While this destruction was acknowledged in the exhibition, there was no explanation or analysis offered beyond the bare fact of it. What does it mean, to purchase a set of human remains? Why then destroy it? Why then, so many decades after the mummy’s acquisition by the museum? How do we today reckon with the fact that Jonckheere’s actions would have been seen by an Ancient Egyptian—and undoubtedly by Butehamun himself—as the moral equivalent of a murder, as extinguishing Butehamun’s ability to exist in the afterlife? The preservation of the body was considered essential to the preservation of the soul. Even if you don’t share the worldview of the Ancient Egyptians, there is clearly something to be grappled with here.

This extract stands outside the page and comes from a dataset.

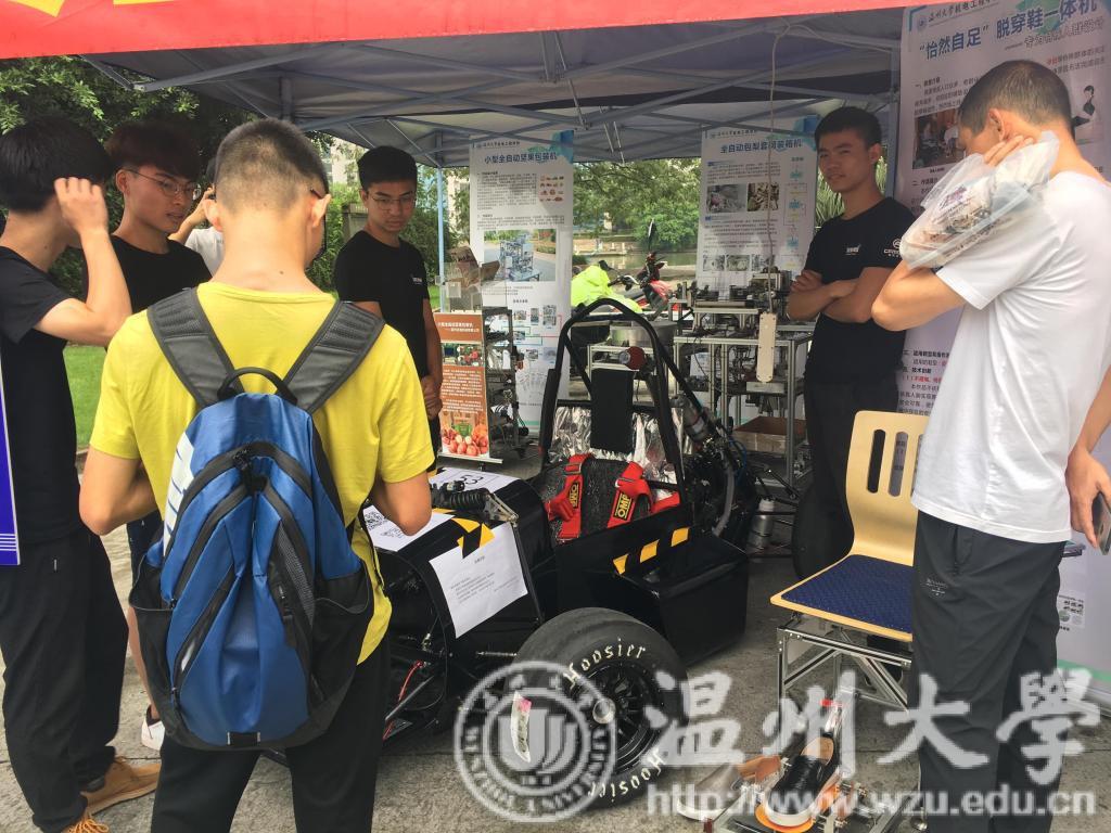 在报到处的另一侧,我院优秀学子的科技作品也吸引了许多新生及家长驻足欣赏,从他们眼中可以看出他们对那些制作出作品的优秀学子们的那一份敬佩。这其中也有我校党委书记林娟娟的身影,她愉悦地与现场的学子进行交流,脸上写满了对我院美好未来的期许。

That these questions remain unvoiced and unanswered sit uneasily alongside the exhibition’s goal of interrogating the history of Egyptology as a field.
The most pointed questioning in the exhibition of Western archaeological collections of artefacts of non-Western origin, and of Western attitudes towards Egypt and its history, comes from a series of artworks by the Egyptian artist Sara Sallam. Interspersed with the rest of the exhibition, Sallam’s work both seek to criticise the colonialist and racist narratives which informed much archaeology in the 19th and 20th centuries, and to reclaim emotional links between ancient Egyptians and their modern descendants. Sallam’s love and affection for her grandmother came through so strongly in many of these pieces, such as in her photo collages like “The Fourth Pyramid Belongs To Her” (below) which transpose photographs of her grandmother onto other photos of archaeological sites and objects, or in a spoken-word piece reflecting on her final illness.
As I think most (all?) of Sallam’s pieces weren’t custom-made for this exhibition, they don’t engage specifically with the rest of it, which made it perhaps not as sharp as it could have been—how did Sallam’s contributions shape the rest of “Expéditions d’Egypte”, if at all? Nor was it always clear to me the particular audience Sallam had in mind when making her pieces: those who are visiting the museum, or those who are responsible for curating and displaying its collections. Regardless, her point about the ethical imperative to recognise the humanity of Ancient Egyptians is well-made, and one for everyone to heed.
“Expéditions d’Égypte” runs through to October 1 at the Royal Museums of Art and History, Brussels.